26 октября 2021Литература
270

Возможна ли музыка после Освенцима?

Александр Чанцев о книге Паскаля Киньяра «Ненависть к музыке: короткие трактаты»

текст: Александр Чанцев
Detailed_pictureАфина, играющая на авлосе. С вазы IV века до н.э.© Museo archeologico statale Gaio Cilnio Mecenate, Arezzo

Книга романиста и эссеиста, лауреата Гонкуровской премии (более чем заслуженно!), музыканта и музыковеда, одного из, если не самого рафинированного современного французского писателя, пропагандиста виолы да гамба и прочей барочной эстетики может удивить. Потому что «Ненависть к музыке» — как, от Киньяра, чьи книги буквально пронизаны музыкой?! — это действительно о негативном в музыке, о негации от нее. Да, конечно, его ненависть очень близка любви. Или, как он сам говорит в свойственной ему меланхолической манере, есть следствие разочарования, разбитых иллюзий, того, что ушло. «И никогда к нему не вернутся. Цивилизации оставляют после себя — в лучшем случае — руины. А в худшем — необратимые пустыни. Я — часть того, что утратил».

Конечно, книга Киньяра — это именно что книга Киньяра, среднее между глубочайшим и прочувствованным эссе, исповедью на грани дозволенного и тонкой прозой. Традиционного трактата — благо их в последнее время много и так — о музыке ждать не стоит. Он даже ни разу и не упоминает, кажется, ни одно современное исполнение или же средство звуковоспроизведения, его интересуют архетипические истоки и их импликации, то, зачем извлекали самые первые звуки, как они откликаются в нас.

И уже там он находит то, что настораживает, вызывает тревогу в мелодическом звучании. Говоря про изобретение флейты Афиной и ее созвучие птицам-змеям, он замечает, что «их пение завораживало, повергало людей в ступор и позволяло убивать их в этот миг цепенящего ужаса. Цепенящий ужас — это первое мгновение гомофагической паники. Tibia canere — заставить петь кость, взятую из голени». Конечно, кто, как не Киньяр, эрудит до мозга костей, найдет массу примеров для обоснования своей мысли в любимой им античности. Но он апеллирует не только к мифам, его инвектива музыке тотальна. «Музыка подобна панической улыбке.

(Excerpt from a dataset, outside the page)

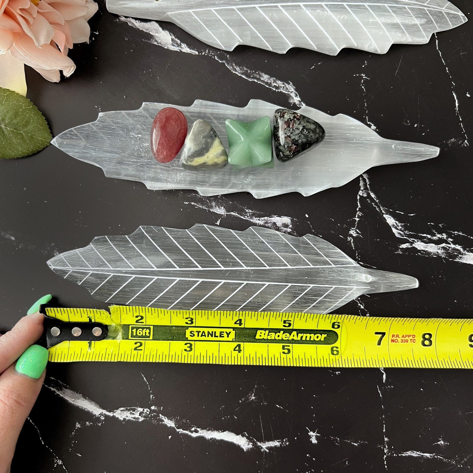 Welcome this beautiful Selenite Feather Incense Holder into your sacred space - a versatile, functional, and stunning piece! Handcrafted with care, each holder measures approximately 7.5 inches long and 2 inches wide, making it the perfect size for any space. You will receive 1 (one) selenite feather intuitively selected for you. Please note these do not sit flat/flush with the surface.
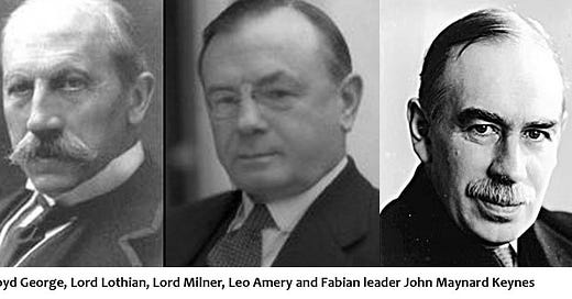 Just as the British oligarchy managed the war, so too did they organize the reparations conference in France which, among other things, imposed impossible debt repayments upon a defeated Germany and created the League of Nations which was meant to become the instrument for a “post-nation state world order”. Lloyd George led the British delegation alongside his assistant Philip Kerr (Lord Lothian), Leo Amery, Lord Robert Cecil and Lord John Maynard Keynes who have a long term agenda to bring about a global dictatorship. All of these figures were members of the newly emerging Round Table Movement, that had taken full control of Britain by ousting Asquith in 1916, and which is at the heart of today’s “deep state”.

Всякая вибрация, сближающая биение сердца с ритмом дыхания, влечет за собой то же сокращение мускулов лица, такое же невольное, такое же неодолимое, такое же паническое. Улыбка, обнажающая клыки тигров и гиен и зубы людей». Иными словами, музыка выхватывает из блаженства тишины, настраивает ритм тела на свой лад, вырывает из гармонии и подчиняет себе. «Музыка насилует человеческое тело. Она заставляет людей вставать. Музыкальные ритмы возбуждают ритмы телесные». От музыки не укрыться, no run, no hide: «Человеческое ухо не может закрыться при встрече с музыкой. Обладая властью, музыка приспосабливается к любой власти. Притом ее сущность — неравенство. Слух и повиновение неразрывно связаны. Начальник, исполнители, покорные жертвы — такова структура, при которой исполнение музыки все тотчас расставляет по своим местам».

© «Текст»

И если большую часть книги занимали лирико-теоретические рассуждения, то в последних главах Киньяр выступает в жанре «я обвиняю!», вернее, зная его темперамент и тонкость, — «я сожалею». Он сожалеет о том, что муза музыки Эвтерпа стала единственной из девяти муз, служившей нацистам в лагерях смерти. Она будила, созывала, укладывала спать заключенных и обреченных, исполнялась — их же силами — на потребу палачей. Да, играли, пели и даже умудрялись создавать музыкальные сочинения и сами заключенные по своей воле. Но многие из них, из тех, кто дожил до освобождения, больше никогда не могли слушать музыку или говорить о ней так, как раньше. Впрочем, вышли далеко не все — как раз пошутили сами смертники-заключенные, написав на сочинении своего собрата: «Все права на эту музыку принадлежат композитору до самой его смерти».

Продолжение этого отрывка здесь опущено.